А в 1962 году британский модельер Мэри Куант (род. в 1934 г.) изобрела среди прочего и мини-юбку. Прошла мода на женственность, на пышные формы. В моде — облегающие дамские брюки, нейлон и прочие виды искусственного шелка, длинные тощие ноги. Облегающая юбка еле прикрывает попу, под такой юбкой пояс не скроешь. Под облегающими брюками пояс будет слишком заметен. Колготки стали очень популярны, к 1970-м почти вытеснили пояса. В СССР колготки долго называли «Чулковыми рейтузами».

Тогда же начали исчезать нижние рубашки, которые полагалось носить под платьем. Послевоенная традиция существенно отличалась от более ранней: рубашки носились, как нижнее платье, поверх трусов и лифчика. Довоенная традиция 1920-х — 1930-х годов предписывала заправлять короткую рубашку в трусы, хотя делали это не все.
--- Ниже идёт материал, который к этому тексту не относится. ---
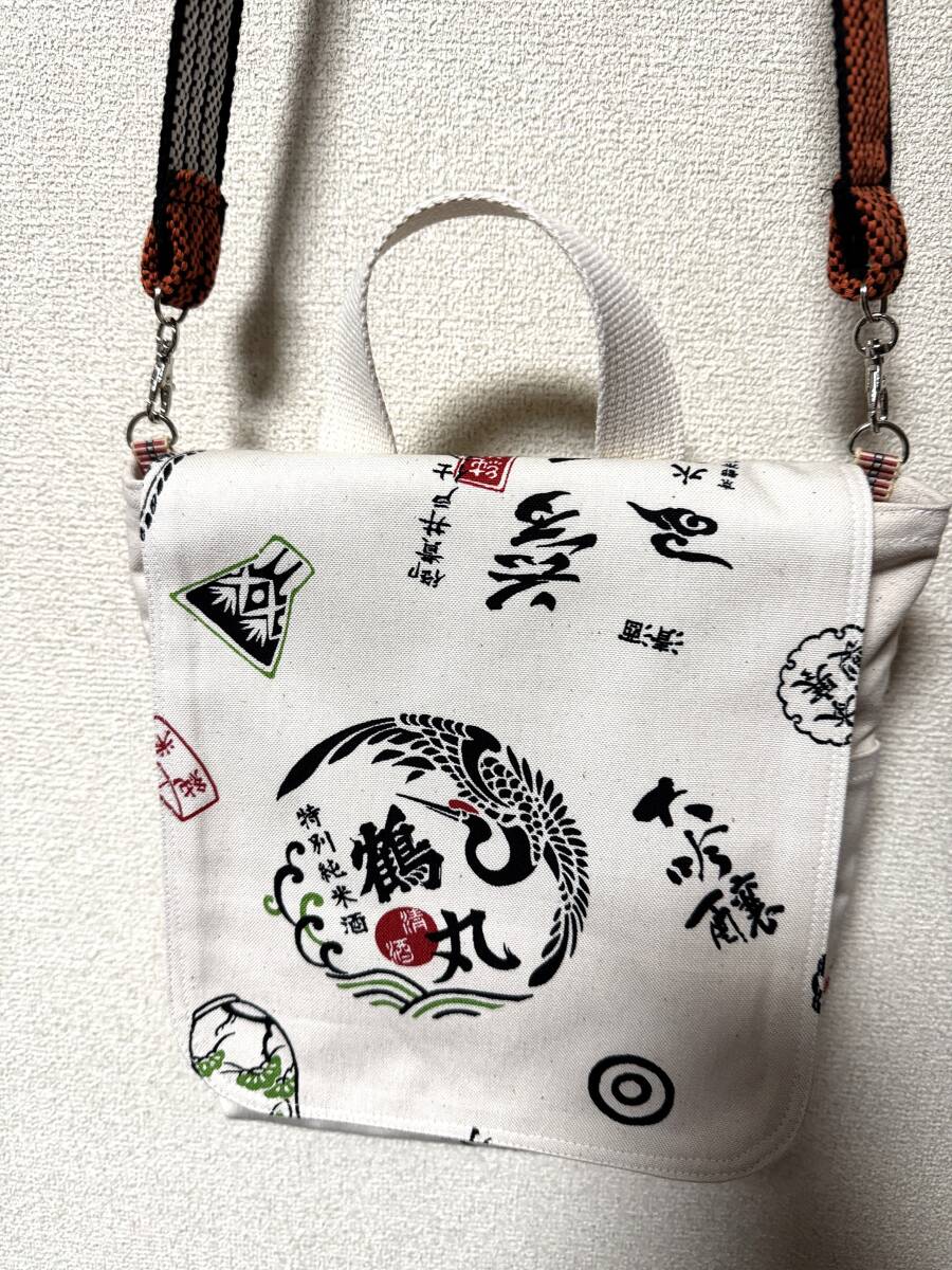 - ハンドメイド サコッシュ ショルダーバッグ 4ポケット / 11号帆布 真田紐 前掛け紐 / 和柄 酒柄 WAGARA

Как в этом месте: «обезумевшую даму в одной короткой сорочке, из которой, сияя под фонарями, соблазнительно выпирали ее полные плечи. Сорочка была заправлена в обычные шелковые дамские штаны, на голове у дамы была модная шляпенка, лицо у дамы было искаженное, а платья на даме не было.

Кругом рвалась к даме толпа кепок и дико гоготала, милиционерские шлемы мелькали тут и там, а какой-то гражданин, сдирая с себя летнее пальто, никак не мог от волнения выпростать руку из рукава.

Дама отчаянно крикнула:

— Да скорее же, дурак! — И гражданину наконец удалось сорвать с себя пальто и укутать присевшую от стыда и отчаяния даму».

В редакции 1934—1936 годов то же самое описывается еще более красочно: «прямо под собой, в ярком освещении площадных прожекторов, он увидел даму-блондинку в сорочке, заправленной в шелковые дамские штаны фиолетового цвета, на голове у дамы была шляпенка, сдвинутая на одно ухо, в руках зонтик.

Вокруг дамы стояла толпа, издавая тот самый гогот, который доводил директора до нервного расстройства.

Какой-то гражданин, выпучив глаза, сдирал с себя летнее пальто и от волнения никак не мог выпростать руку из рукава, и слова раздетой дамы отчетливо долетели сквозь стекла до исступленного директора:

— Скорей же, дурак!

Едва растерянный, выпучивший глаза гражданин сорвал с себя пальто, как улюлюканье и крики послышались с левой стороны у бокового подъезда, и Римский увидел, как другая дама, одетая совершенно так же, как и первая, с той разницей только, что штаны на ней были не фиолетовые, а розовые, сиганула с тротуара прямо в подъезд, причем за ней устремился милиционер, а за милиционером какие-то жизнерадостные молодые люди в кепках. Они хохотали и улюлюкали».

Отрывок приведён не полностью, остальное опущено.